Изменить размер шрифта - +
Я попросила их подойти ближе, но они закрывали лица руками и прятались за дверь. Мне пришлось за руки, насильно втаскивать их в класс.

Подходя ко мне, они закрывали глаза и целовали мою руку. Это было так потешно, что я чуть не рассмеялась. Очевидно, так было принято в деревне. Каждый поцелуй сопровождался смешным причмокиванием, и рука моя становилась мокрой от их губ.

Стараясь подбодрить девочек, я говорила каждой несколько теплых, ласковых слов, но все мои вопросы оставались без ответа. Дети упрямо отмалчивались. Было от чего прийти в отчаяние. Они долго кривлялись и ломались, но под конец мне все‑таки удалось узнать их имена:

– Зехра…

– Айше…

– Зехра…

– Айше…

– Зехра…

– Айше…

Господи! Сколько в этой деревне девочек по имени Зехра и Айше!

Смешного во всем этом мало, но невольно в голову мне приходили забавные мысли. Например, приедет инспектор и захочет познакомиться с моими ученицами. Я моментально ему доложу: «В классе девять Айше и двенадцать Зехра». А можно сделать так: всех Айше посадить по одну сторону класса, а Зехра – по другую. Или вот еще… Когда мы будем играть в мячик (а я решила устраивать на переменах для детей игры в саду), можно быстро разделить класс на две группы, стоит только крикнуть: «Все Айше – направо, все Зехра

– налево!»

Я не могла удержаться, чтобы не позволить себе новое развлечение. Когда приходили новые девочки, я спрашивала:

– Дочь моя, ты Зехра или Айше?

Очень часто мои вопросы попадали в цель. Смелее всех оказалась маленькая черноглазая девчушка с пухлыми щеками. Она взглянула на меня удивленно и спросила:

– Откуда ты знаешь, как меня звать?

Я рассадила своих учениц по партам и попросила их хорошенько запомнить, кто где сидит. Надо было видеть бедняжек, как беспомощно болтались их ноги, какие у них были странные позы! Казалось, они сидели не за партами, а на ветке дерева или скате крыши. Когда я отходила к кафедре, они, не спуская с меня глаз, медленно подтягивали под себя свои грязные ноги, напоминая мне черепашек, прячущих лапы в панцирь.

Что поделаешь? Постепенно привыкнут.

Одно меня сильно поразило: девочки были очень застенчивы. От них, как от деревенских невест, невозможно было добиться ни одного слова. Но стоило моим ученицам открыть учебники, как класс огласился громкими воплями. Оказалось, они привыкли читать хором, не жалея горла. В класс приходили все новые и новые ученицы, шум усиливался, и голова моя пошла кругом.

Я спросила у Хатидже‑ханым:

– Они все время так занимаются, надрывая глотки? Какой ужас! Разве можно это выдержать?

Хатидже‑ханым удивленно посмотрела на меня.

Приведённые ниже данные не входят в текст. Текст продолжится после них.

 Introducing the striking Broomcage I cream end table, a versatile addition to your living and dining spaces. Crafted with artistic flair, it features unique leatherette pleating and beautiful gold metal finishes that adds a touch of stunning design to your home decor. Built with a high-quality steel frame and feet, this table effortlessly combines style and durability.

– Ну конечно. А как же иначе, дочь моя? Это школа. Можно ли обтесать бревно, не взмахнув топором? Чем громче они кричат, тем лучше усваивают урок.

Уже почти все парты были заняты. Я что было силы стукнула рукой по кафедре, которая, пожалуй, была единственной новой красивой вещью в школе, хотела приказать, чтобы дети занимались молча. Однако никто не обратил на меня внимания, никто не поднял головы. Наоборот, класс загудел еще громче, точно улей, потревоженный камнем:

«…Эузюбил‑ляхи‑эбджед‑хеввез‑хутти‑джим‑юстюн, дже‑джим‑эсре‑джи…»

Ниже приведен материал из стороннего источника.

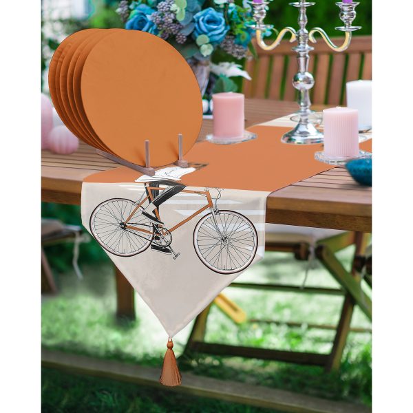 Realhomes Koyu Turuncu Krem Zemin Bisikletli Adam Motifli Püsküllü Runner & 6’lı Kiremit Düz Renk Supla – Servis Altlığı

Я поняла, что мне предстоит изрядно помучиться, пока удастся перевоспитать ребят. Но я не сомневалась, что добьюсь успеха.

– Хатидже‑ханым, – обратилась я к старой женщине, – занимайся с ними сегодня как обычно. Я не приступлю к занятиям, пока не наведу порядка в классе.

Хатидже‑ханым настороженно посмотрела на меня.

– Дочь моя, я учу детей тому, что вижу. Откуда нам знать то, что знаешь ты? У меня ведь нет школьного образования…

Только потом я сообразила, что хотела сказать бедная женщина.